**EXERCISE AIM**
Give the data again exactly as written, without any of its pictures.

**LISTED RECORDS**
··········
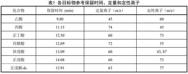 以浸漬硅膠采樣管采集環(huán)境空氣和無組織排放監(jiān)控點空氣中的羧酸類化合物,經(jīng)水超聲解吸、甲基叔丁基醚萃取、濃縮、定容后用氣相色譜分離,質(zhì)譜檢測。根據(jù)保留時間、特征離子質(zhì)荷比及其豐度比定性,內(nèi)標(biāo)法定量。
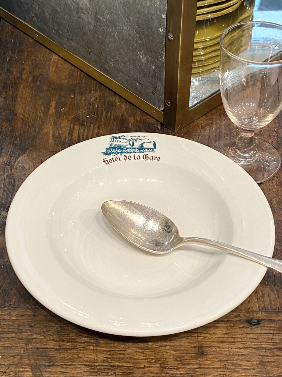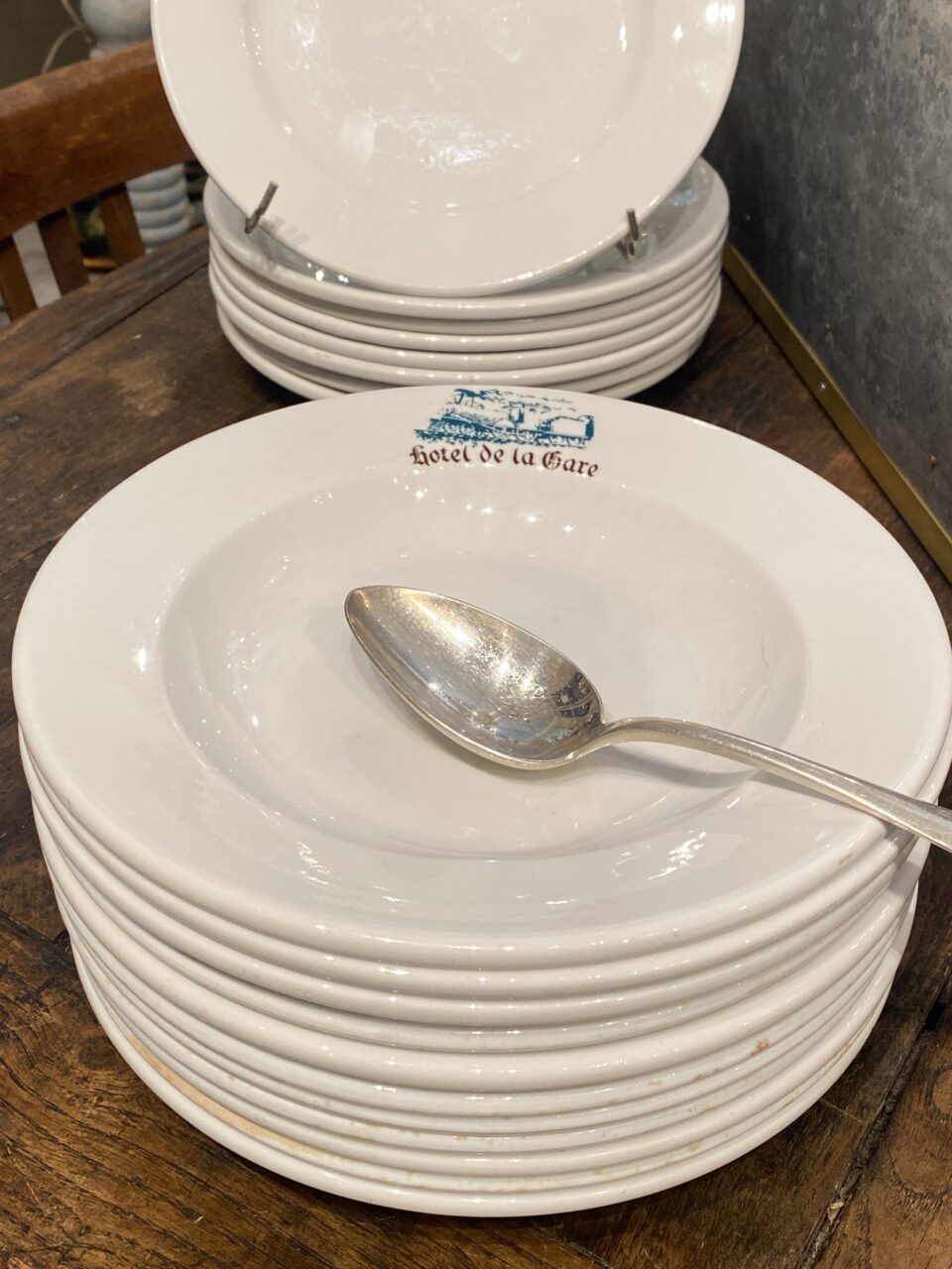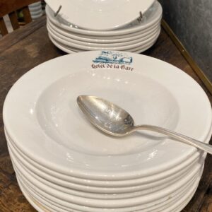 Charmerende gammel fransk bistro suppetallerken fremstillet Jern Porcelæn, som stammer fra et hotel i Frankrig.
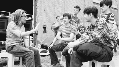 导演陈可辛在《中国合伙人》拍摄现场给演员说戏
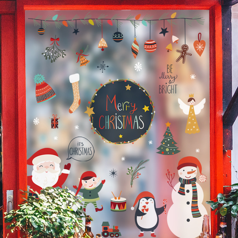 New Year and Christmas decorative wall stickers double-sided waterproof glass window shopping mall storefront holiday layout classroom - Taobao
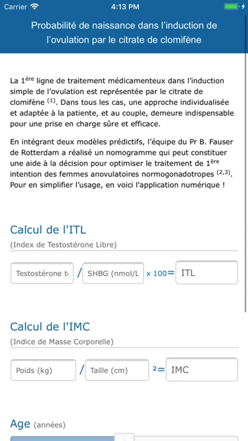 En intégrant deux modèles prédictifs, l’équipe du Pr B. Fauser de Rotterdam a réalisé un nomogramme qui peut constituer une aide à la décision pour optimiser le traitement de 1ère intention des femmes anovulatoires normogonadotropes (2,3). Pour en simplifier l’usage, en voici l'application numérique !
··········
**EXERCISE OUTPUT**
 以浸漬硅膠采樣管采集環(huán)境空氣和無組織排放監(jiān)控點空氣中的羧酸類化合物,經(jīng)水超聲解吸、甲基叔丁基醚萃取、濃縮、定容后用氣相色譜分離,質(zhì)譜檢測。根據(jù)保留時間、特征離子質(zhì)荷比及其豐度比定性,內(nèi)標(biāo)法定量。
 Charmerende gammel fransk bistro suppetallerken fremstillet Jern Porcelæn, som stammer fra et hotel i Frankrig.
 导演陈可辛在《中国合伙人》拍摄现场给演员说戏
 New Year and Christmas decorative wall stickers double-sided waterproof glass window shopping mall storefront holiday layout classroom - Taobao
 En intégrant deux modèles prédictifs, l’équipe du Pr B. Fauser de Rotterdam a réalisé un nomogramme qui peut constituer une aide à la décision pour optimiser le traitement de 1ère intention des femmes anovulatoires normogonadotropes (2,3). Pour en simplifier l’usage, en voici l'application numérique !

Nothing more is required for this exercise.